What needs to be done: Please restate each line of the material word for word and omit any pictures.

Information given:
%%

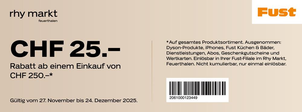 Wer teilnehmen möchte, wirft den ausgefüllten Wettbewerbstalon bis spätestens 17 Uhr am 24. Dezember in die Wettbewerbsurne oder scannt den QR-Code im Einkaufszentrum Rhy Markt Feuerthalen. Teilnahmebedingungen
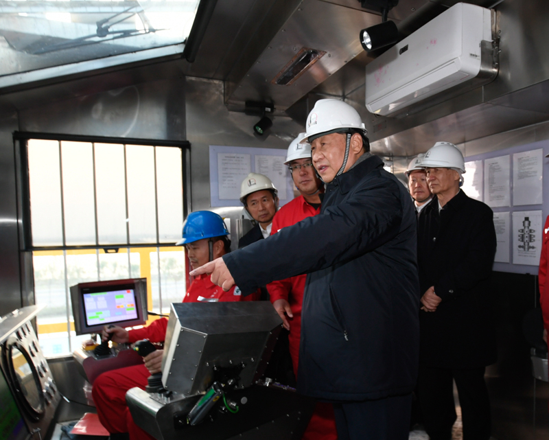 10月22日下午,中共中央總書(shū)記、國家主席、中央軍委主席習近平在山東省濟南市主持召開(kāi)深入推動(dòng)黃河流域生態(tài)保護和高質(zhì)量發(fā)展座談會(huì )并發(fā)表重要講話(huà)。這是座談會(huì )前,習近平21日下午在位于東營(yíng)市萊州灣的勝利油田萊113區塊考察時(shí),登上二層鉆井平臺,察看鉆井自動(dòng)化設備。新華社記者 李學(xué)仁 攝
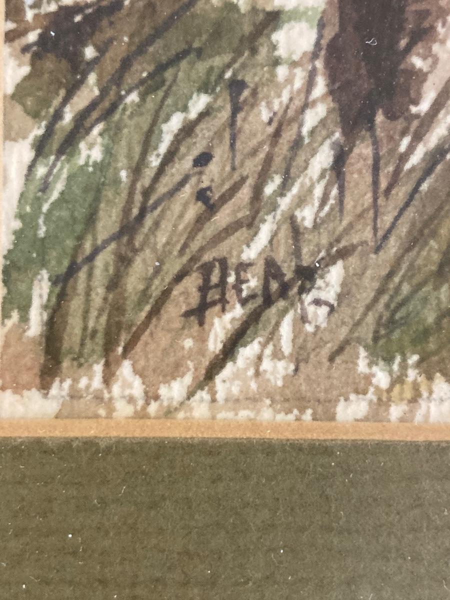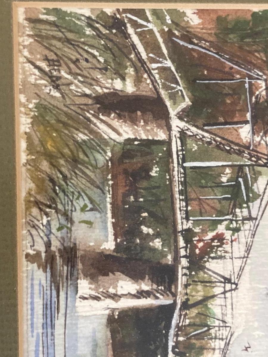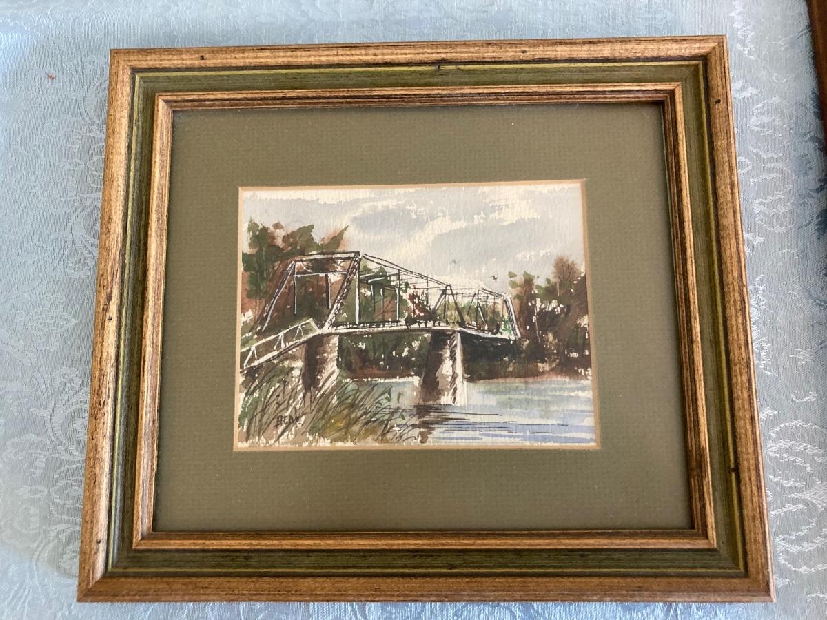 Framed, matted watercolor print of bridge over water scene. Signed by the artist. Approximately 11w X 9 1/2h.
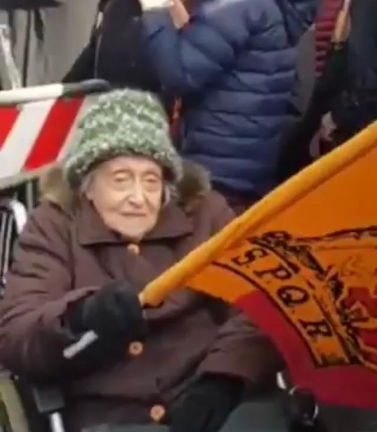 Una cara nonnina, nonostante il freddo e l'età, con la bandiera giallorossa in mano. Ecco il video...
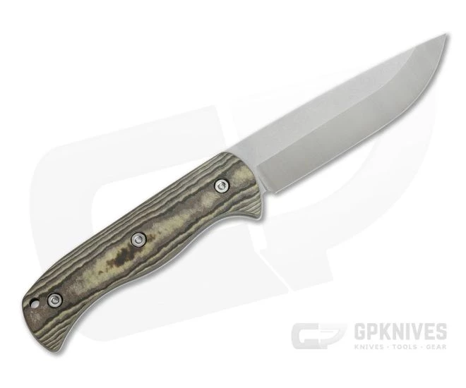 Handle:Â The full tang construction of the handle supports two smooth and contoured Richlite composite handle slabs. The spine of the tang is proud to the scales giving the feel of a more contoured handle without added machining. The handle ergonomics provide a secure and comfortable grip in multiple positions are attached with stainless hardware that is easy to remove for cleaning and maintenance.
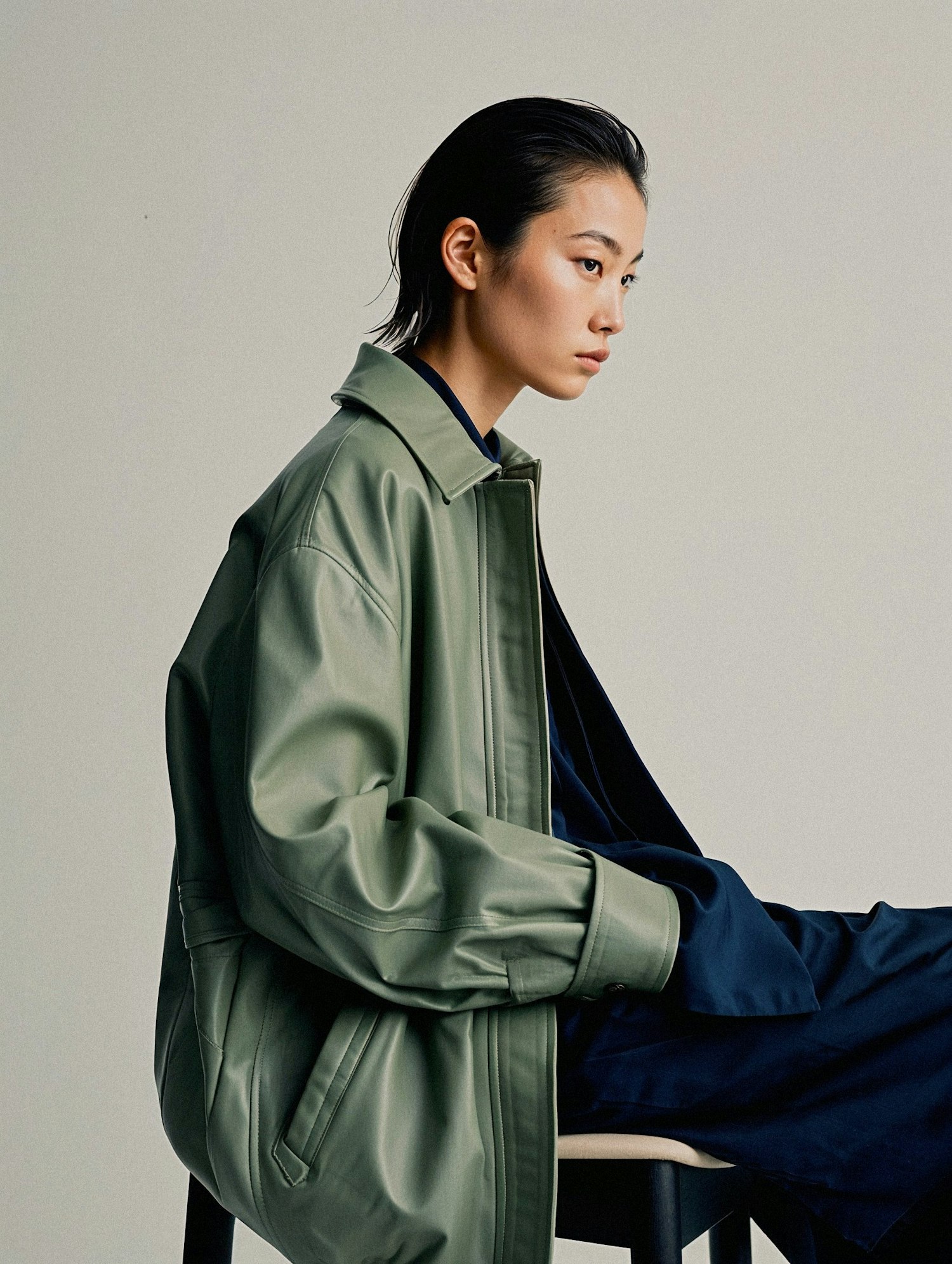 Minimalist portrait of a woman in a sage green jacket and navy outfit, sitting in profile against a neutral background.
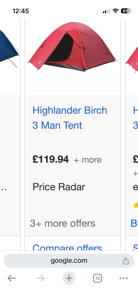 Brand new and unused. Good reason for sale. Highlander Birch three man tent with extras comprising footprint groundsheet and 20 ultra strong pegs.
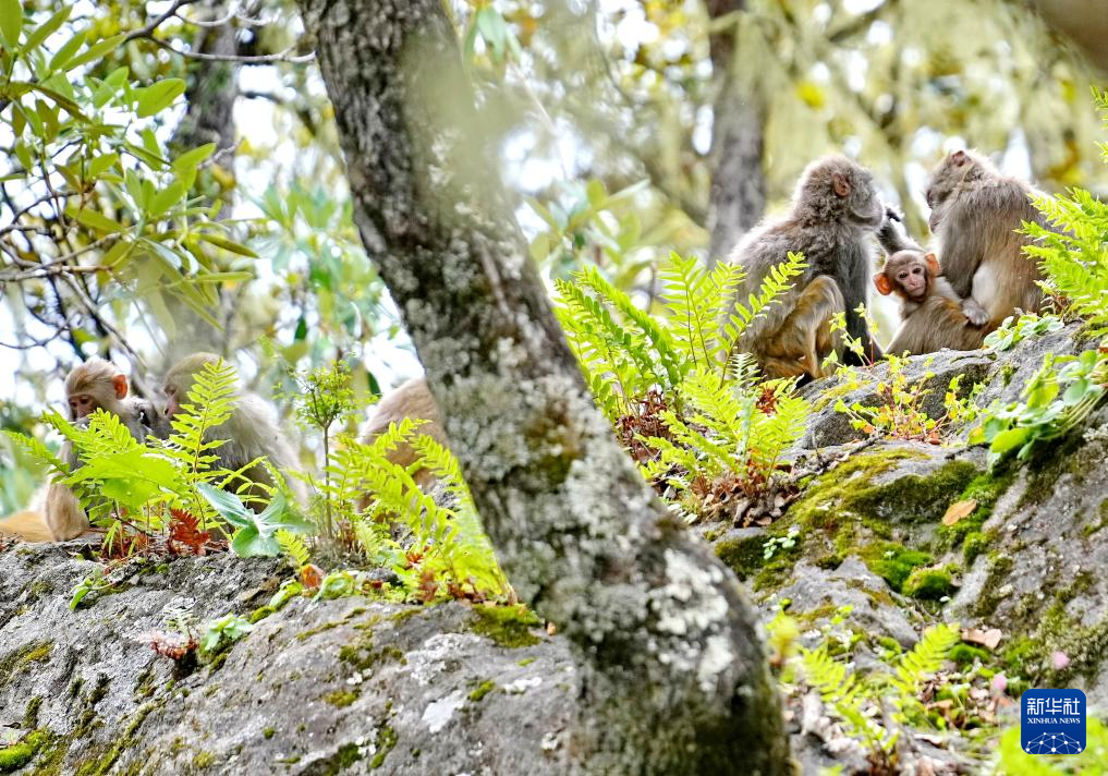 巴鬆措旅遊風景區裏嬉戲的藏獼猴(8月2日攝)。新華社記者 張汝鋒 攝
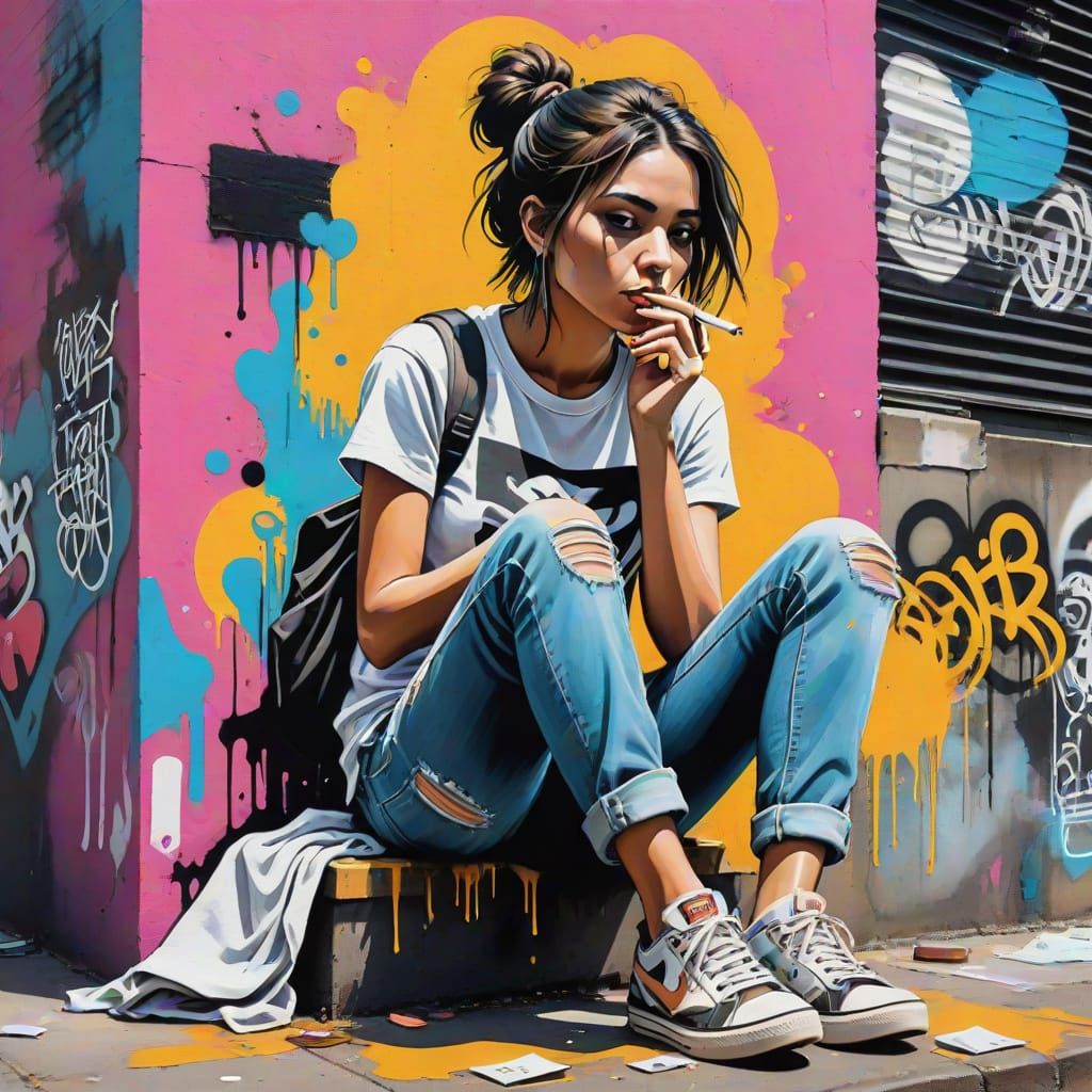 This image features a close-up of a girl with a bold, expressive style, inspired by urban murals and stencil art, with vibrant colors and high contrast.

%%

Expected output:
 Wer teilnehmen möchte, wirft den ausgefüllten Wettbewerbstalon bis spätestens 17 Uhr am 24. Dezember in die Wettbewerbsurne oder scannt den QR-Code im Einkaufszentrum Rhy Markt Feuerthalen. Teilnahmebedingungen
 10月22日下午,中共中央總書(shū)記、國家主席、中央軍委主席習近平在山東省濟南市主持召開(kāi)深入推動(dòng)黃河流域生態(tài)保護和高質(zhì)量發(fā)展座談會(huì )并發(fā)表重要講話(huà)。這是座談會(huì )前,習近平21日下午在位于東營(yíng)市萊州灣的勝利油田萊113區塊考察時(shí),登上二層鉆井平臺,察看鉆井自動(dòng)化設備。新華社記者 李學(xué)仁 攝
 Framed, matted watercolor print of bridge over water scene. Signed by the artist. Approximately 11w X 9 1/2h.
 Una cara nonnina, nonostante il freddo e l'età, con la bandiera giallorossa in mano. Ecco il video...
 Handle:Â The full tang construction of the handle supports two smooth and contoured Richlite composite handle slabs. The spine of the tang is proud to the scales giving the feel of a more contoured handle without added machining. The handle ergonomics provide a secure and comfortable grip in multiple positions are attached with stainless hardware that is easy to remove for cleaning and maintenance.
 Minimalist portrait of a woman in a sage green jacket and navy outfit, sitting in profile against a neutral background.
 Brand new and unused. Good reason for sale. Highlander Birch three man tent with extras comprising footprint groundsheet and 20 ultra strong pegs.
 巴鬆措旅遊風景區裏嬉戲的藏獼猴(8月2日攝)。新華社記者 張汝鋒 攝
 This image features a close-up of a girl with a bold, expressive style, inspired by urban murals and stencil art, with vibrant colors and high contrast.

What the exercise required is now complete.